AI is here, security still isn’t

Although 79% of organizations are already running AI in production, only 6% have put in place a comprehensive security strategy designed specifically for AI. As a result, most enterprises remain exposed to threats they are not yet prepared to detect or respond to, according to the SandboxAQ AI Security Benchmark Report.

AI risks raise alarm among security leaders

The report, based on a survey of 102 senior security leaders across the US and EU, underscores widespread concern about the risks posed by AI, from model manipulation and data leakage to adversarial attacks and the exploitation of non-human identities (NHIs).

Despite growing unease among CISOs, just 28% of organizations have carried out a full security assessment focused on AI. Most still depend on traditional, rule-based tools that were never built to protect machine-driven systems.

Key findings reveal major gaps in AI security readiness

• Only 6% of organizations have implemented AI-native security protections across both ITand AI systems.
• 74% of security leaders are highly concerned about AI-enhanced cyberattacks, and 69% are highly concerned about AI uncovering new vulnerabilities in their environments.
• Just 10% of companies have a dedicated AI security team; in most organizations, responsibility falls to traditional IT or security teams.

“Most organizations aren’t measuring AI security in any meaningful way because the foundations just aren’t there yet,” Marc Manzano, General Manager of the Cybersecurity Group at SandboxAQ, told Help Net Security. “In the report, fewer than 30% of security leaders said they’ve assessed the risk of their AI deployments. Only 10% said they had a dedicated AI security team, and just 6% said they’ve implemented any kind of AI security controls. That tells me there’s still a fundamental and critical gap between AI adoption and security readiness.”

“What we’re starting to see from more mature teams is a shift away from trying to retrofit legacy controls. Instead, these teams are taking first steps toward evaluating risks that actually reflect how AI systems behave in production and the blast radius that such systems can have if breached or went rogue,” Manzano continued. “That includes implementing observability and monitoring capabilities of non-human identities and cryptographic assets leveraged by AI workflows.”

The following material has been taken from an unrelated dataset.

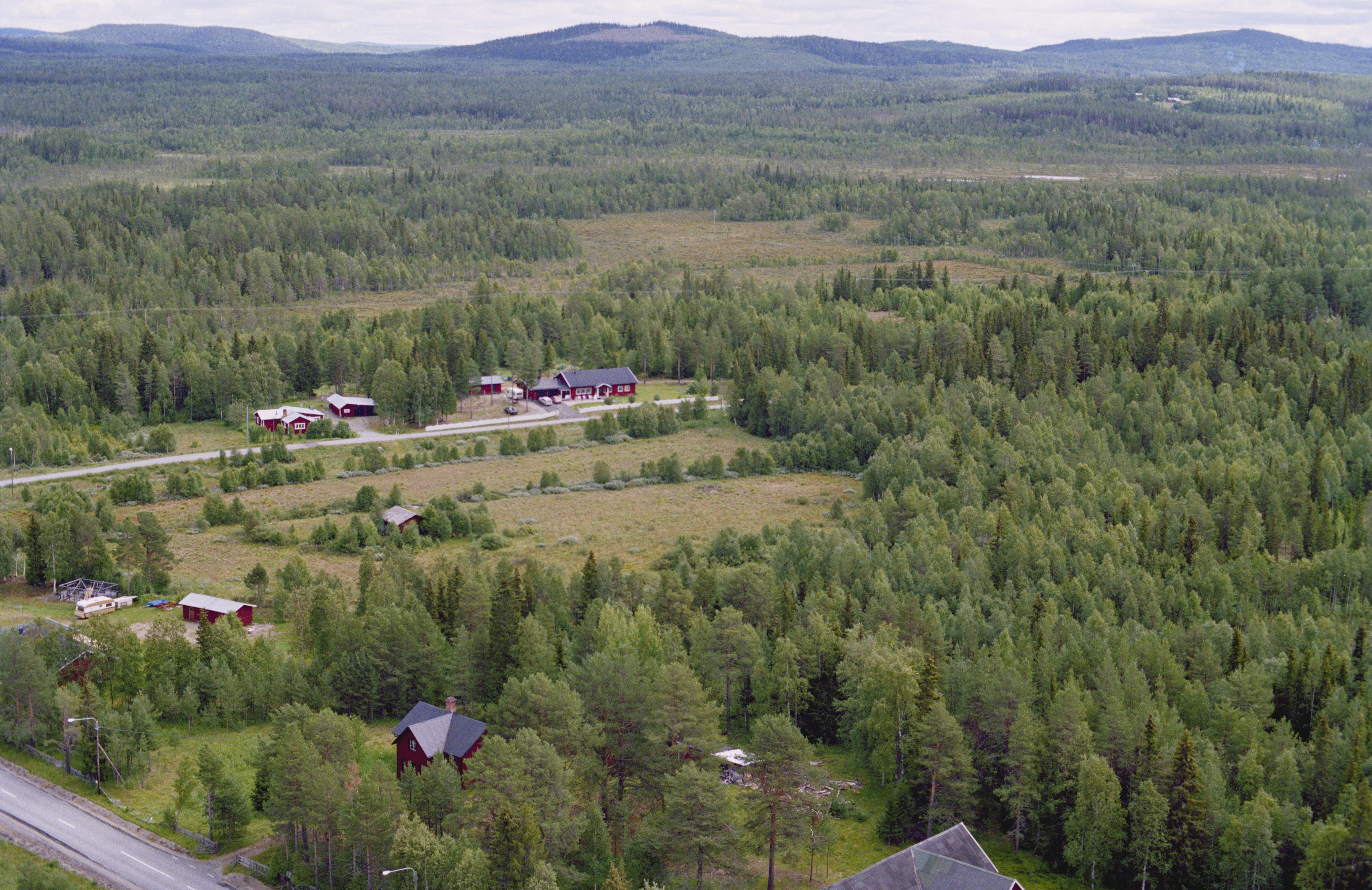 Beskrivning: Bäsksele by (Beetske) i Vojmåns dalgång. I bildens nedre del områdena vid vägkorsningen nordöst om bron. Bilden är tagen mot (väderstreck): Ö

He also warned of a troubling trend: “In practice, what we are seeing is that some large organizations are actually downgrading the data security policies they have put in place over the past decade so that they can enable AI use cases that require large amounts of information to function. This phenomenon is not isolated and it deeply troubles me. We cybersecurity professionals have a responsibility and need to step up and build cybersecurity solutions that can keep pace with fast AI adoption. This is just getting started and I believe we are still on time to catch up, but we don’t have time to lose.”

Non-human identities pose new governance challenges

The growing presence of non-human identities, such as autonomous AI agents, services, and machine accounts, is adding a new layer of complexity to the security landscape. These entities often operate without human oversight, using cryptographic credentials to access sensitive resources and interact with other systems. However, most security teams have limited visibility into their actions and little control over their behavior. This lack of oversight weakens core zero trust principles and exposes critical gaps in identity governance and cryptographic hygiene.

Budgets and priorities shift toward AI protection

Even with these security gaps, investment in AI protection is gaining momentum. Eighty-five percent of organizations plan to boost their AI security budgets over the next 12 to 24 months, and one in four expect to make substantial increases. Key priorities include safeguarding training data and inference pipelines, securing non-human identities, and implementing automated incident response tools designed for AI-driven environments.